Print them exactly: the lines from the beginning of the entries below through the line that contains "Плотный, но мягкий", and only those, with the pictures left out.
Segment Start: Record set
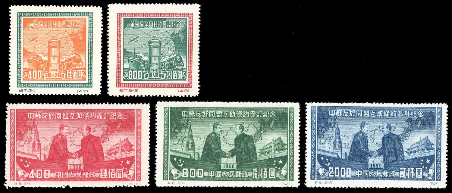 1950 - Two complete sets (Mi.82/83,84/86), no gum as issued, unmounted, perfect conditions.
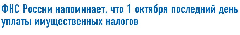 ФНС России напоминает, что 1 октября последний день уплаты имущественных налогов | ФНС | 40 Калужская область
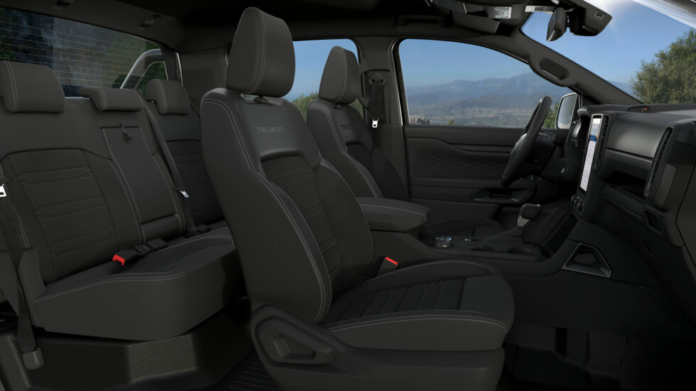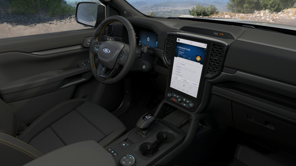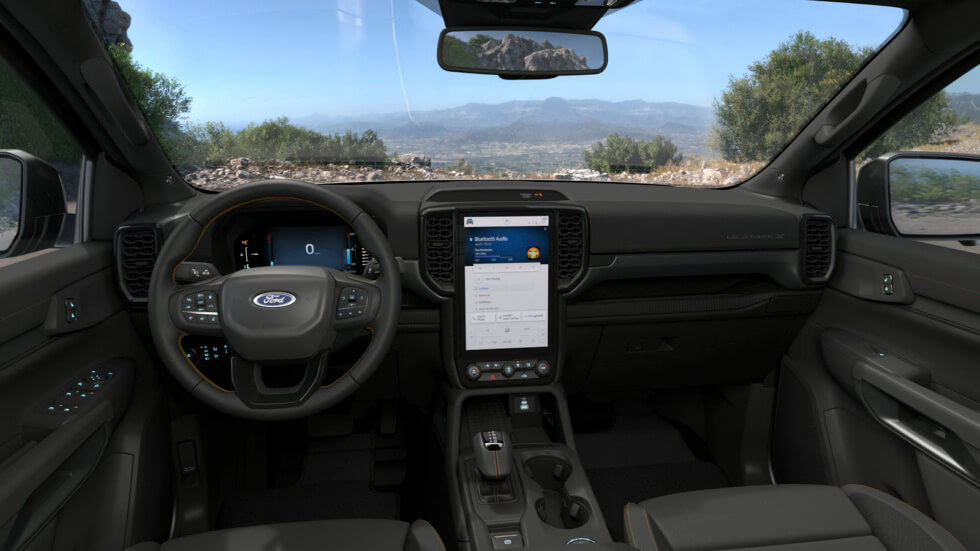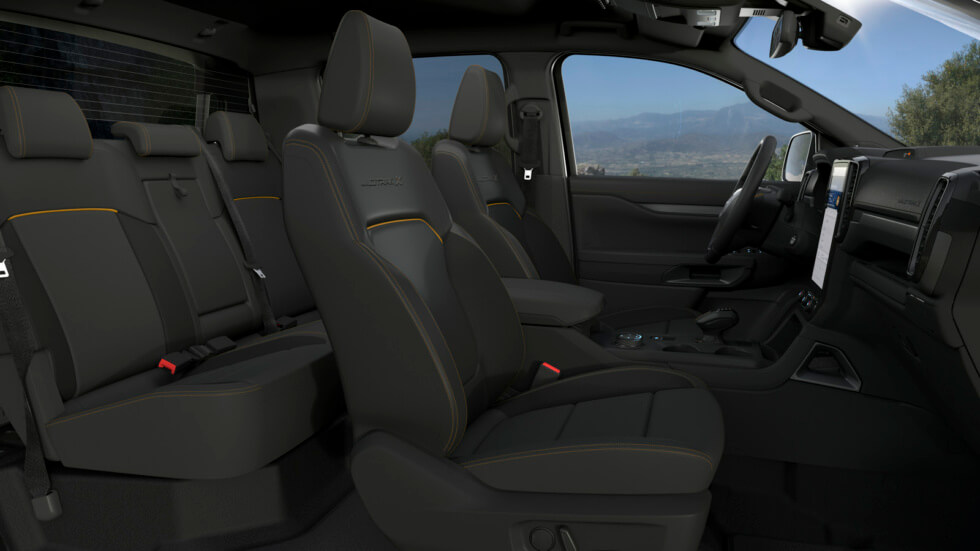Other tweaks include Bilstein shock absorbers, bolstered power steering, and steel skid plates. Aesthetically, you can easily identify the Ranger Wildtrak X via the black emblem, bumpers, grille surround, wheel arches, and 17” alloy rims. As for the cabin, it sports suede elements and orange stitching.
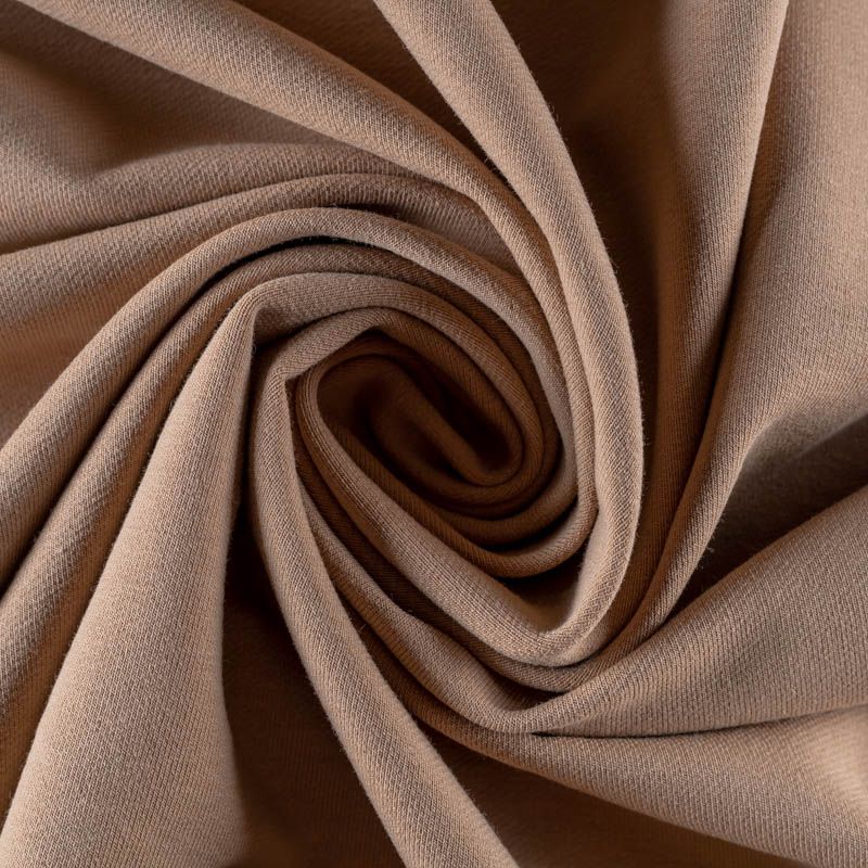 Плотный, но мягкий эластичный трикотаж. Лицевая сторона гладкая, без блеска, мелкой вязки. Изнанка – с небольшим однородным ворсом или петля. Прекрасный вариант для пошива платьев и костюмов, легких толстовок, свитшотов, спортивной, детской и  домашней одежды.
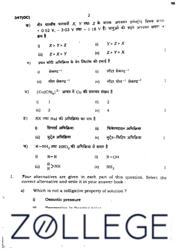 UP Board Class 12 Chemistry Question Paper 2024 PDF (Code 347 GC) is available for download here. The Chemistry exam was conducted on March 7, 2024 in the Evening Shift from 2 PM to 5:15 PM. The total marks for the theory paper are 70. Students reported the paper to be easy to moderate.
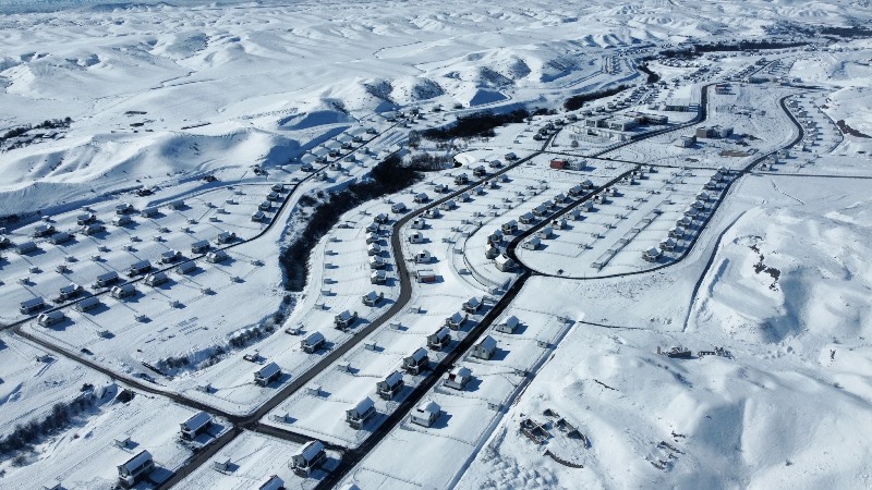 Modern.az xəbər verir ki, Cəbrayıl, Qubadlı və Zəngilan rayonlarında Bərpa, Tikinti və İdarəetmə Xidməti tərəfindən lentə alınan görüntülərdə sakinləri yenicə qayıdan kəndin ağ örpəyə büründüyü əks olunur.
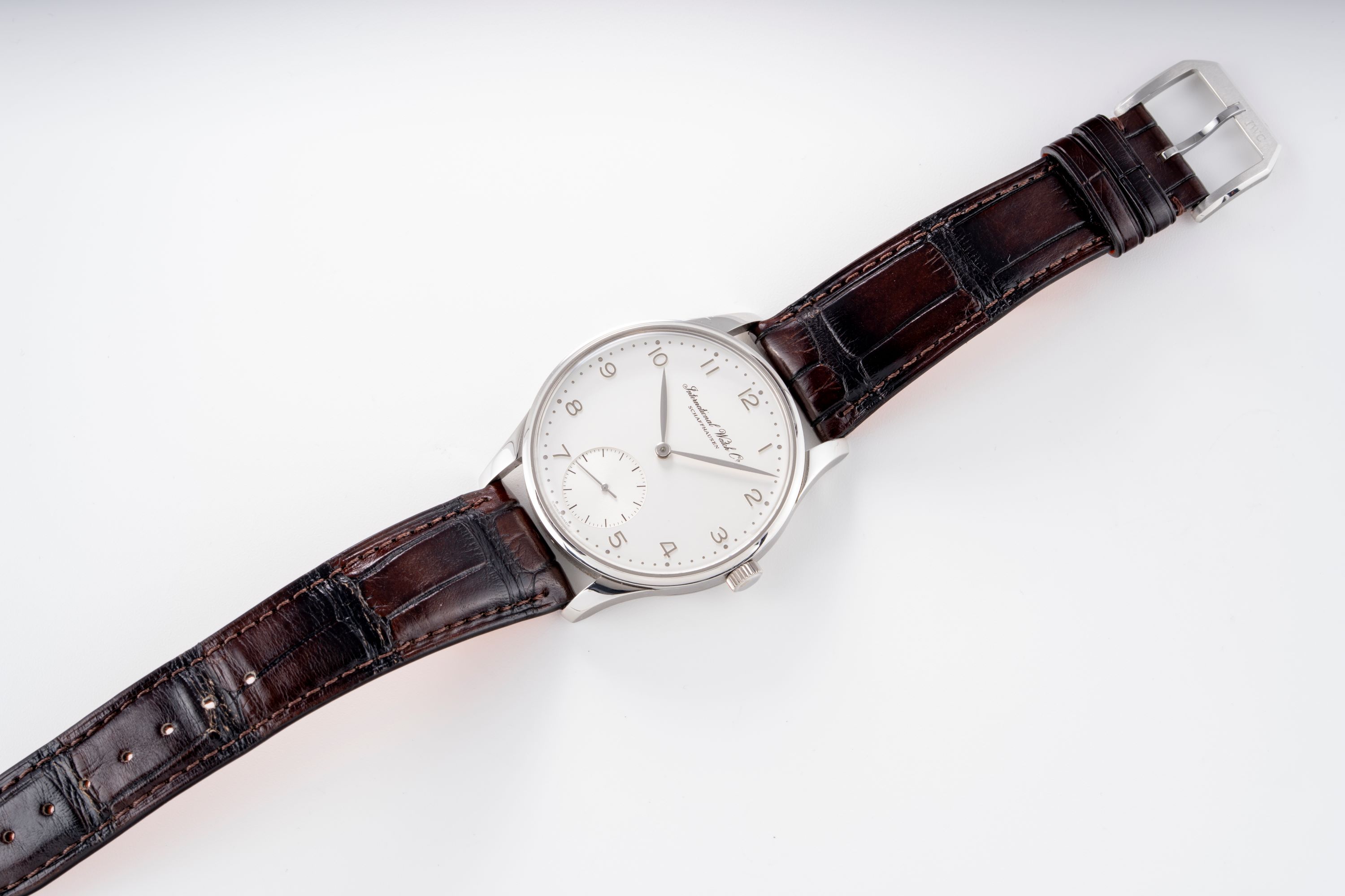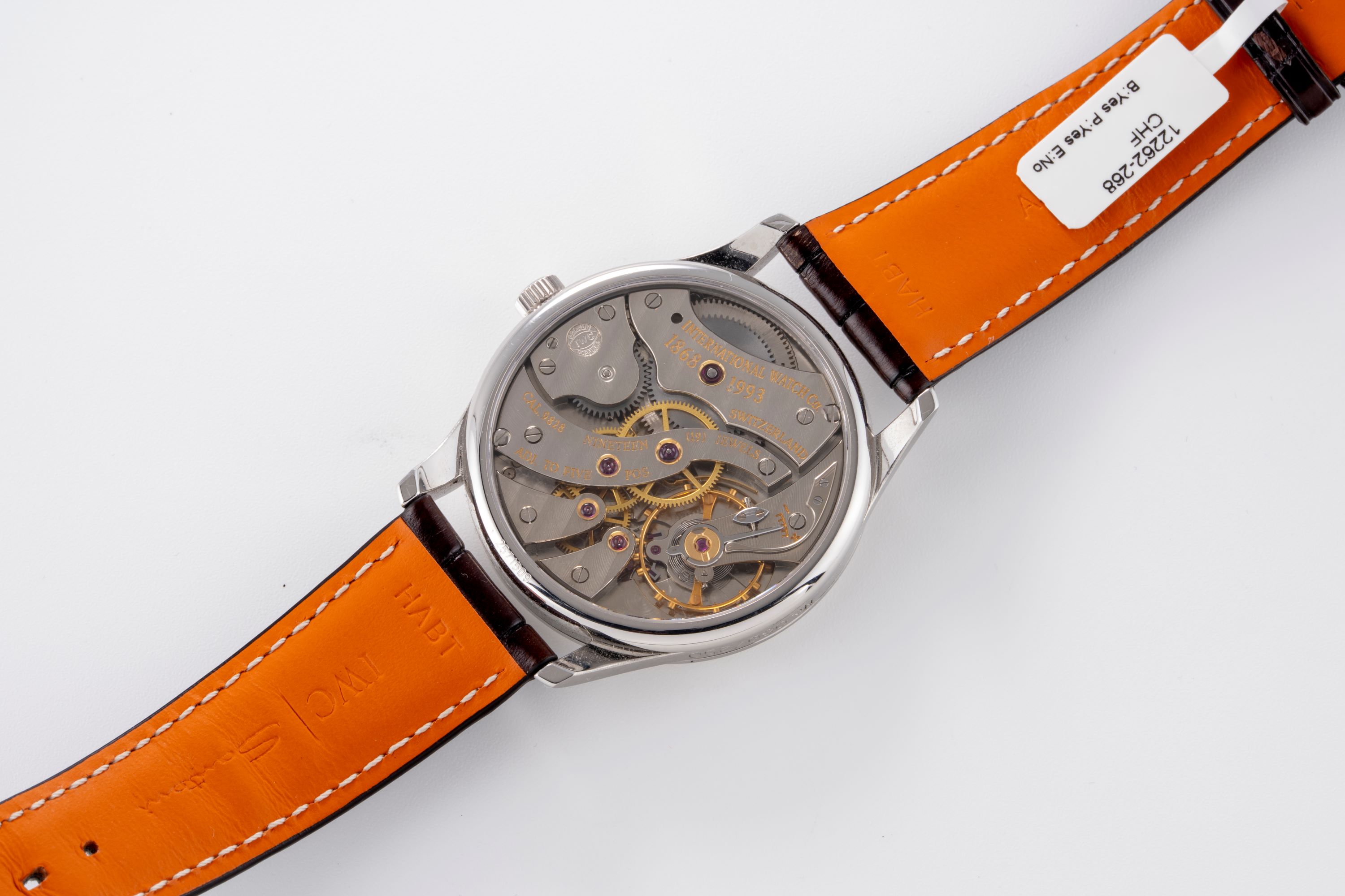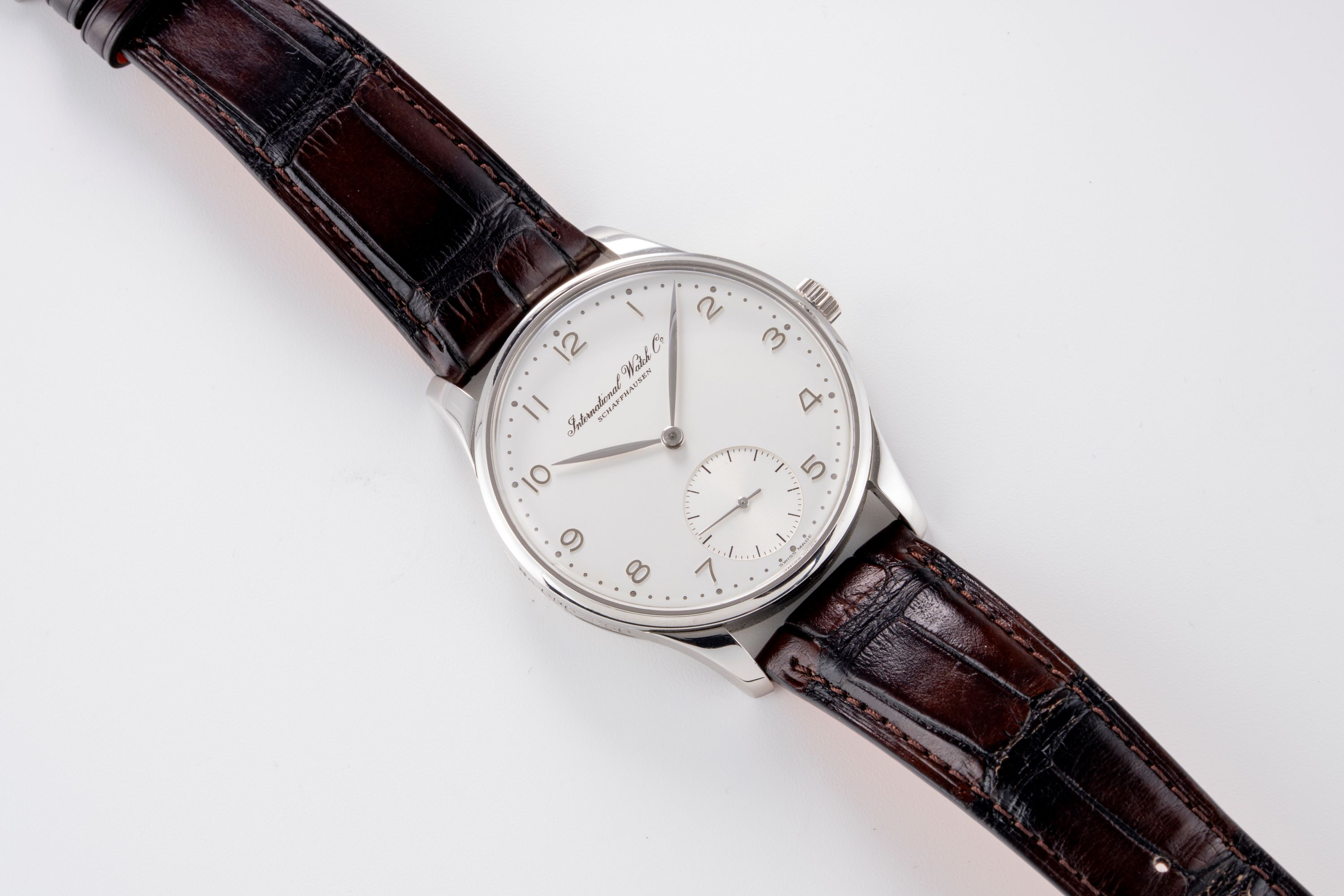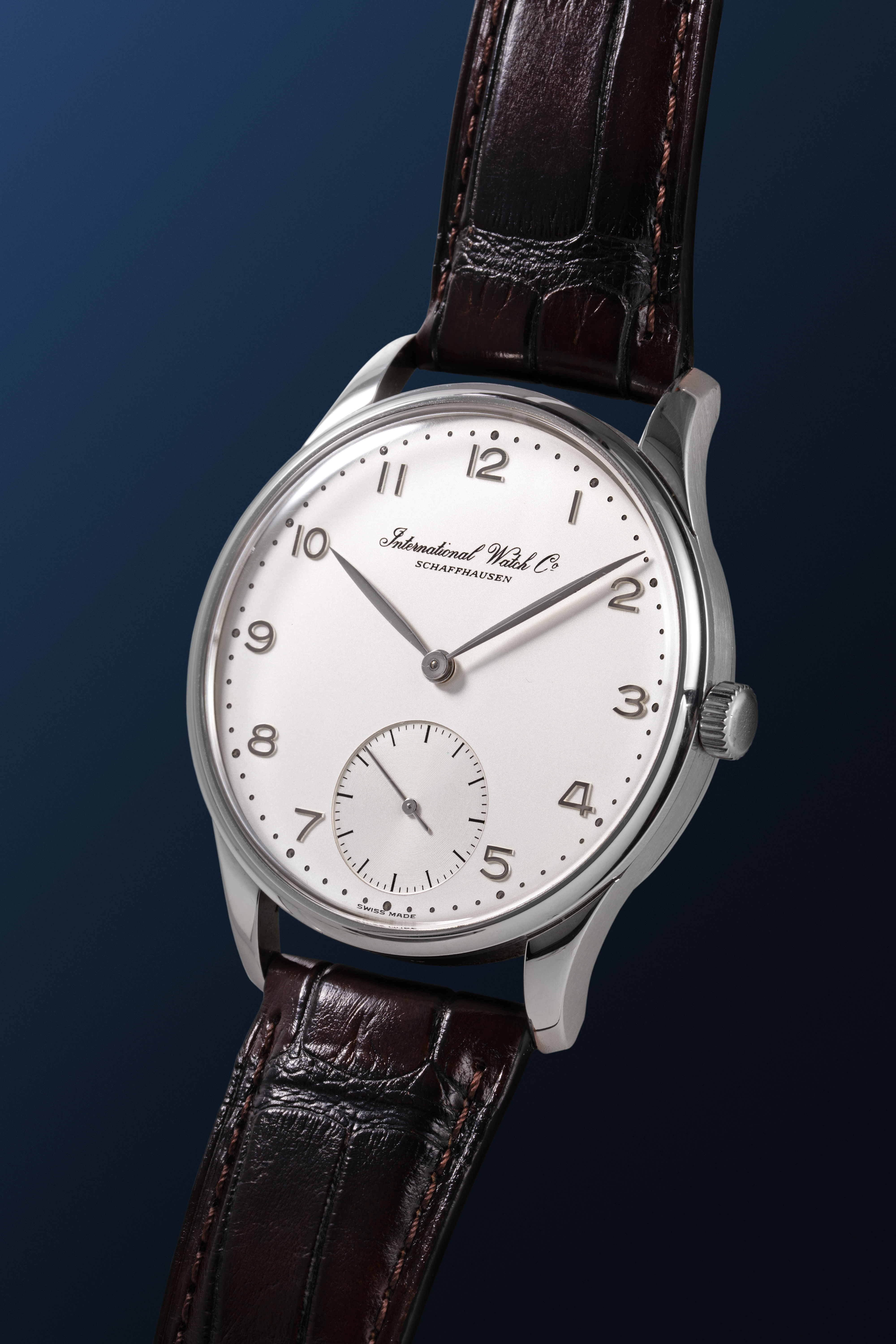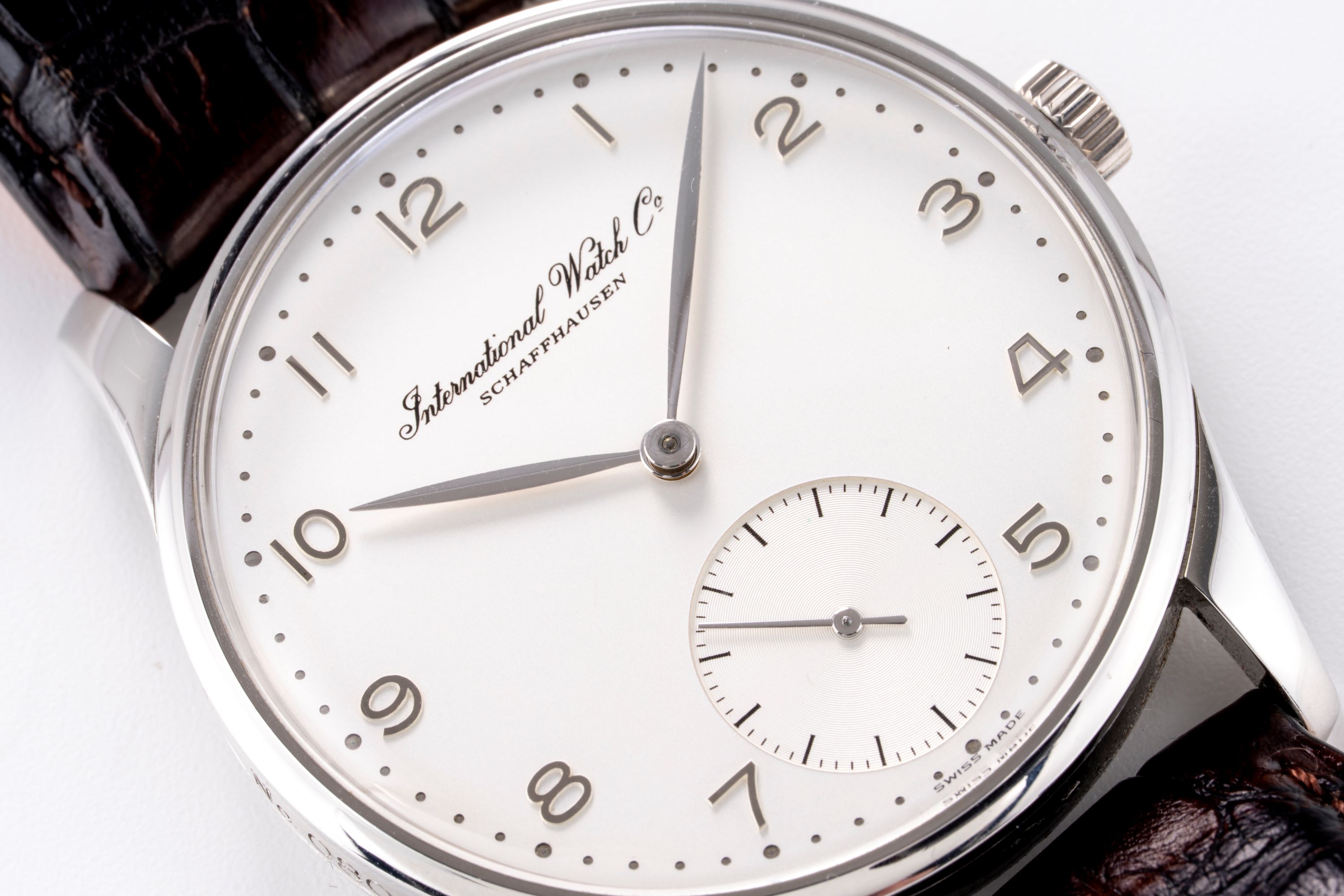 DialSilver-white dial with applied numerals, leaf hands, small seconds at 6 o'clock, signed 'International Watch Co.' at 12 o'clock
Segment End: Record set
=== Answer space ===
 1950 - Two complete sets (Mi.82/83,84/86), no gum as issued, unmounted, perfect conditions.
 ФНС России напоминает, что 1 октября последний день уплаты имущественных налогов | ФНС | 40 Калужская область
Other tweaks include Bilstein shock absorbers, bolstered power steering, and steel skid plates. Aesthetically, you can easily identify the Ranger Wildtrak X via the black emblem, bumpers, grille surround, wheel arches, and 17” alloy rims. As for the cabin, it sports suede elements and orange stitching.
 Плотный, но мягкий эластичный трикотаж. Лицевая сторона гладкая, без блеска, мелкой вязки. Изнанка – с небольшим однородным ворсом или петля. Прекрасный вариант для пошива платьев и костюмов, легких толстовок, свитшотов, спортивной, детской и  домашней одежды.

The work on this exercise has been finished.